WHAT IS NEEDED:
Return only that part of the material below which starts with the line containing "Detail Topper Kue" and goes on through the line containing "定番のちらし寿司に手まり寿司", restated exactly.

==== INPUT DATA

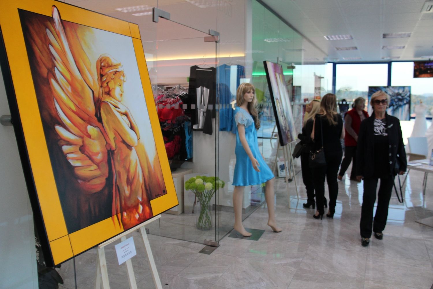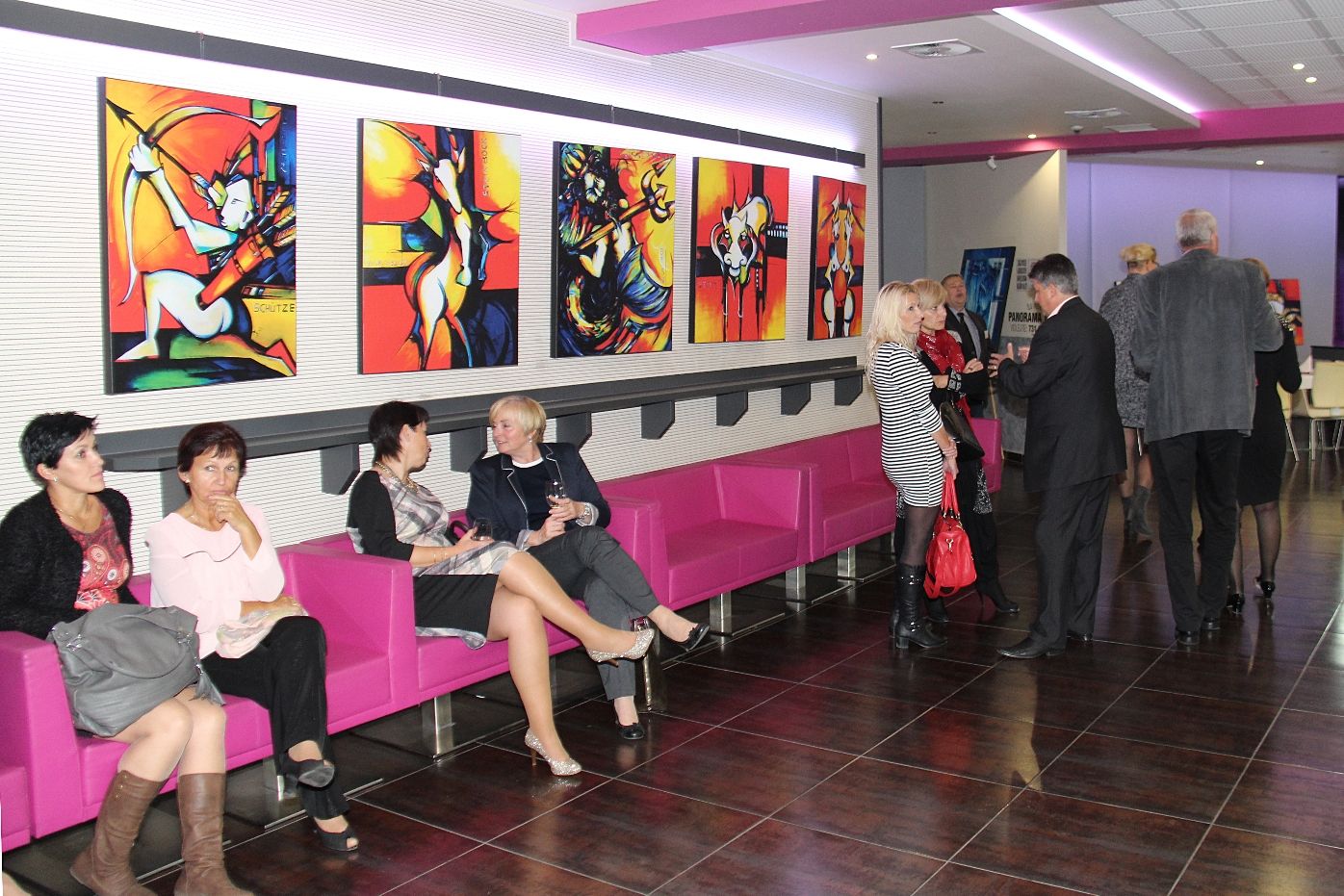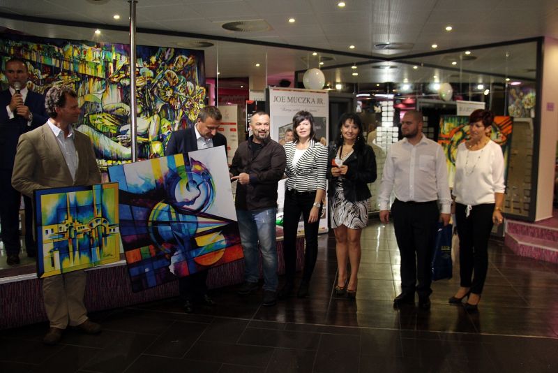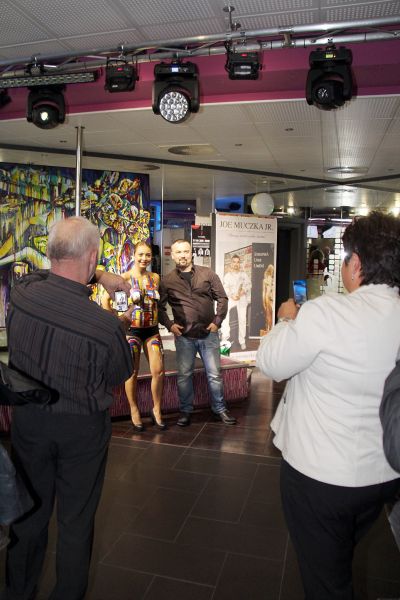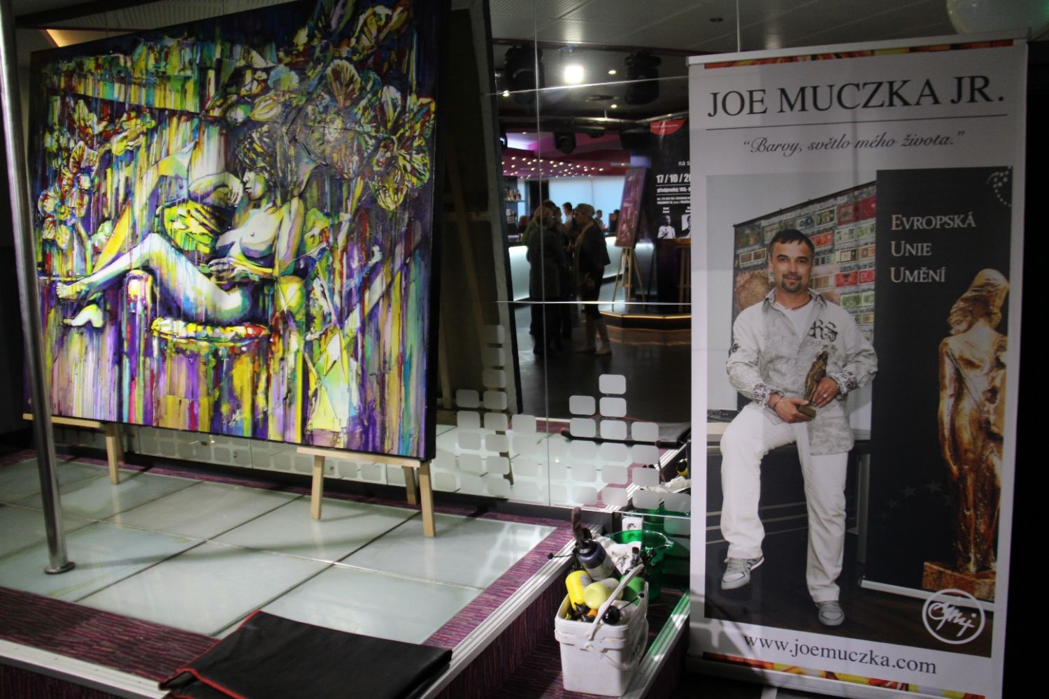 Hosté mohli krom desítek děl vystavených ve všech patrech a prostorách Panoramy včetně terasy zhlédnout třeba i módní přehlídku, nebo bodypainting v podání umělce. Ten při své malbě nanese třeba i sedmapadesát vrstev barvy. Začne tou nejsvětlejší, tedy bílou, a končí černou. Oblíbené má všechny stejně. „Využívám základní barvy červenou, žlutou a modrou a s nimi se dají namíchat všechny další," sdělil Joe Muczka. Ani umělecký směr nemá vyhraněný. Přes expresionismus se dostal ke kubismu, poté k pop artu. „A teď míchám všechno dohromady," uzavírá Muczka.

========
==== INPUT DATA

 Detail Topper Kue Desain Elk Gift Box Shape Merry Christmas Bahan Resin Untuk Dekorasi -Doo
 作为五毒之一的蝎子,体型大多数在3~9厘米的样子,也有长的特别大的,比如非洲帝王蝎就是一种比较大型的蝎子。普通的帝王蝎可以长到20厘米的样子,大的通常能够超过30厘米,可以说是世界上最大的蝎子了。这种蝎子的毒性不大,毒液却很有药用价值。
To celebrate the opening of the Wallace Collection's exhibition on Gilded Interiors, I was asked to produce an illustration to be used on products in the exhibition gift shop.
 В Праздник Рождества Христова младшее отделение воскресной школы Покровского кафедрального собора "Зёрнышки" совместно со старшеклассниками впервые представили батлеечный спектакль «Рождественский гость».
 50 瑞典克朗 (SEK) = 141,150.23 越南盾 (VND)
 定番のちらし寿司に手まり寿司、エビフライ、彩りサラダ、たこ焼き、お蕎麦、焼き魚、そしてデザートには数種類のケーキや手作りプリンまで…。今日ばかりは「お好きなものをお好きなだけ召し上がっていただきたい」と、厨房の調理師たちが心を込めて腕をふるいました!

========
==== INPUT DATA

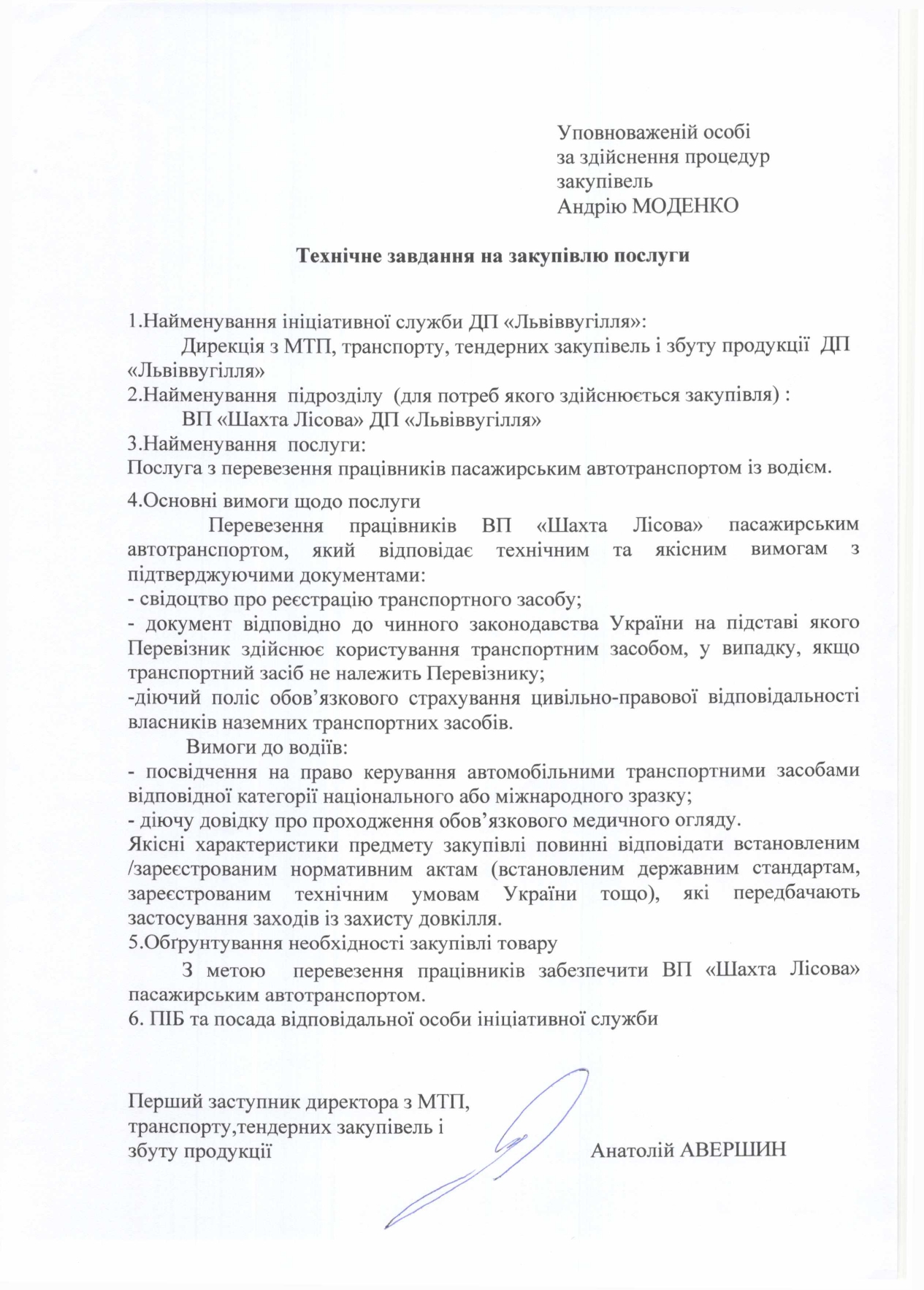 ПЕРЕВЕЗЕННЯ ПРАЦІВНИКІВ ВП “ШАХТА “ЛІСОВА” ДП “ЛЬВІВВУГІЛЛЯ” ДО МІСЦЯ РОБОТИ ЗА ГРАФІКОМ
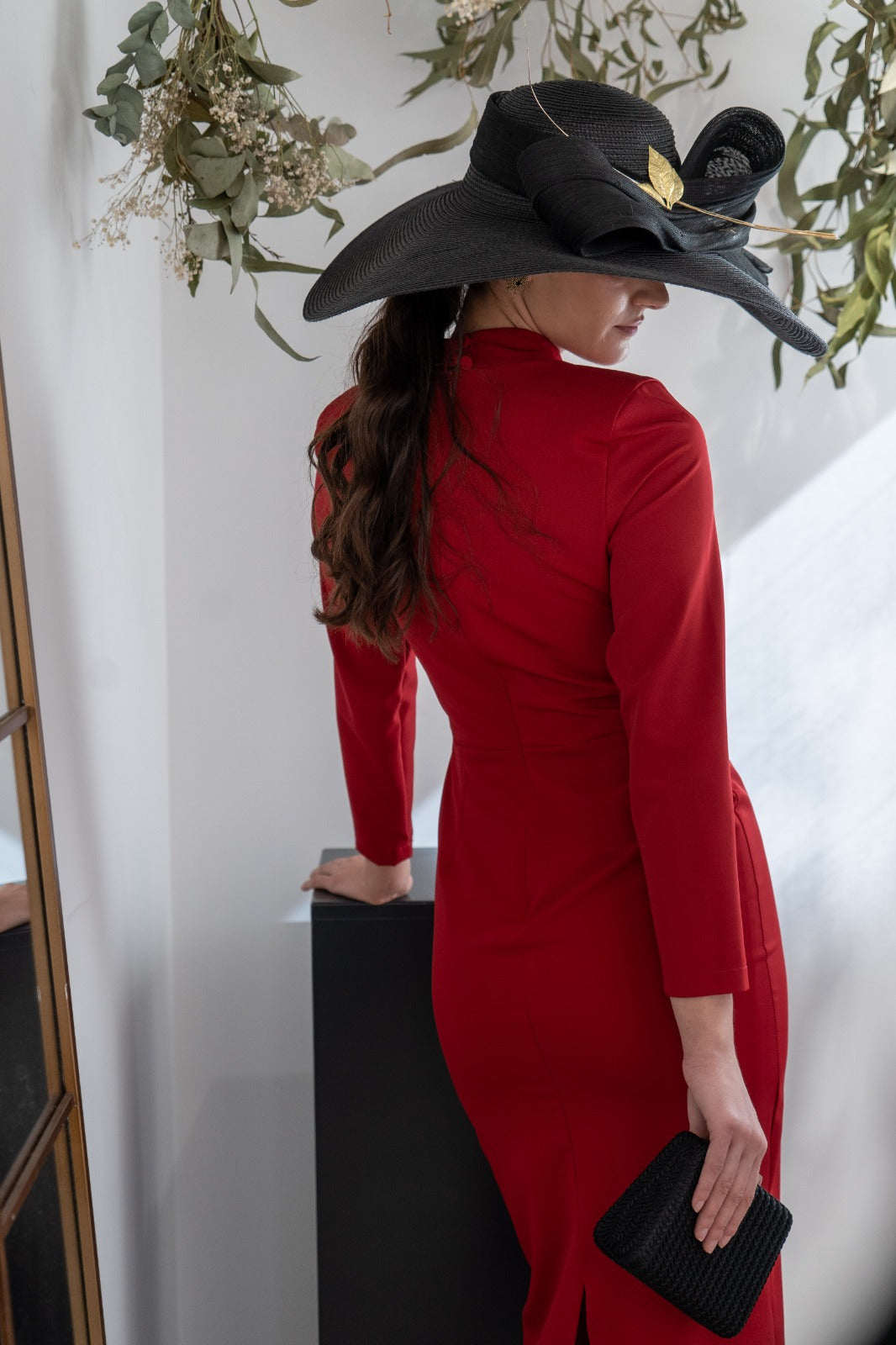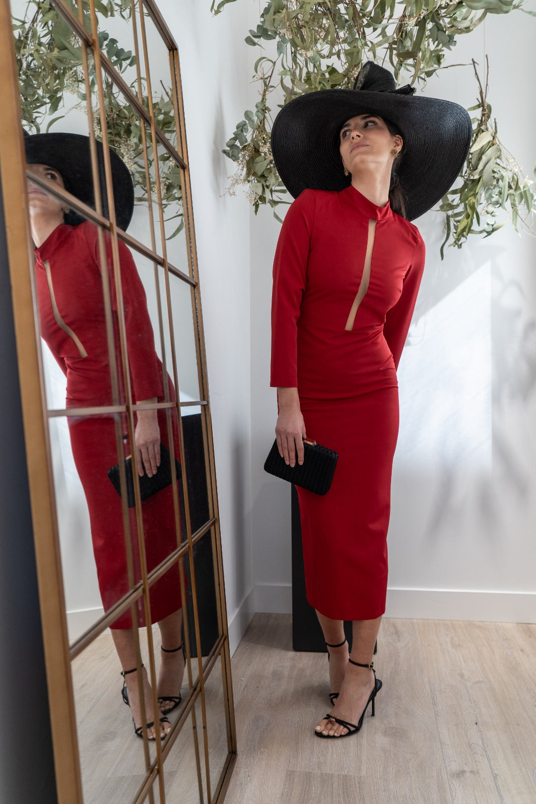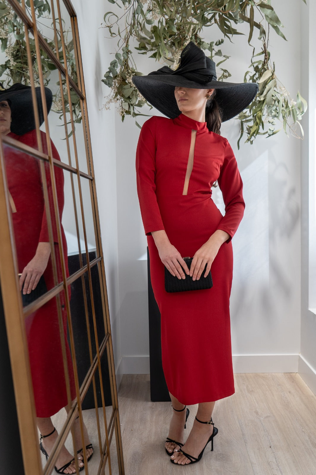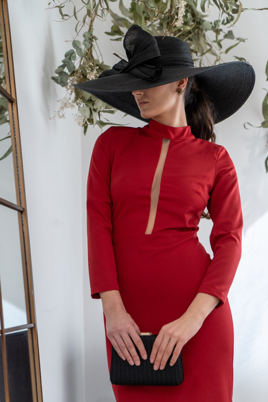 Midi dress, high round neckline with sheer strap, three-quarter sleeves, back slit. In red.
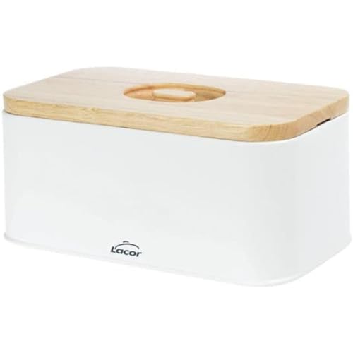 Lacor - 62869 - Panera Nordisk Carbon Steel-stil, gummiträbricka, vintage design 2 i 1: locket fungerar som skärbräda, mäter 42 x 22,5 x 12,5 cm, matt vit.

========

EXPECTED ANSWER:
 Detail Topper Kue Desain Elk Gift Box Shape Merry Christmas Bahan Resin Untuk Dekorasi -Doo
 作为五毒之一的蝎子,体型大多数在3~9厘米的样子,也有长的特别大的,比如非洲帝王蝎就是一种比较大型的蝎子。普通的帝王蝎可以长到20厘米的样子,大的通常能够超过30厘米,可以说是世界上最大的蝎子了。这种蝎子的毒性不大,毒液却很有药用价值。
To celebrate the opening of the Wallace Collection's exhibition on Gilded Interiors, I was asked to produce an illustration to be used on products in the exhibition gift shop.
 В Праздник Рождества Христова младшее отделение воскресной школы Покровского кафедрального собора "Зёрнышки" совместно со старшеклассниками впервые представили батлеечный спектакль «Рождественский гость».
 50 瑞典克朗 (SEK) = 141,150.23 越南盾 (VND)
 定番のちらし寿司に手まり寿司、エビフライ、彩りサラダ、たこ焼き、お蕎麦、焼き魚、そしてデザートには数種類のケーキや手作りプリンまで…。今日ばかりは「お好きなものをお好きなだけ召し上がっていただきたい」と、厨房の調理師たちが心を込めて腕をふるいました!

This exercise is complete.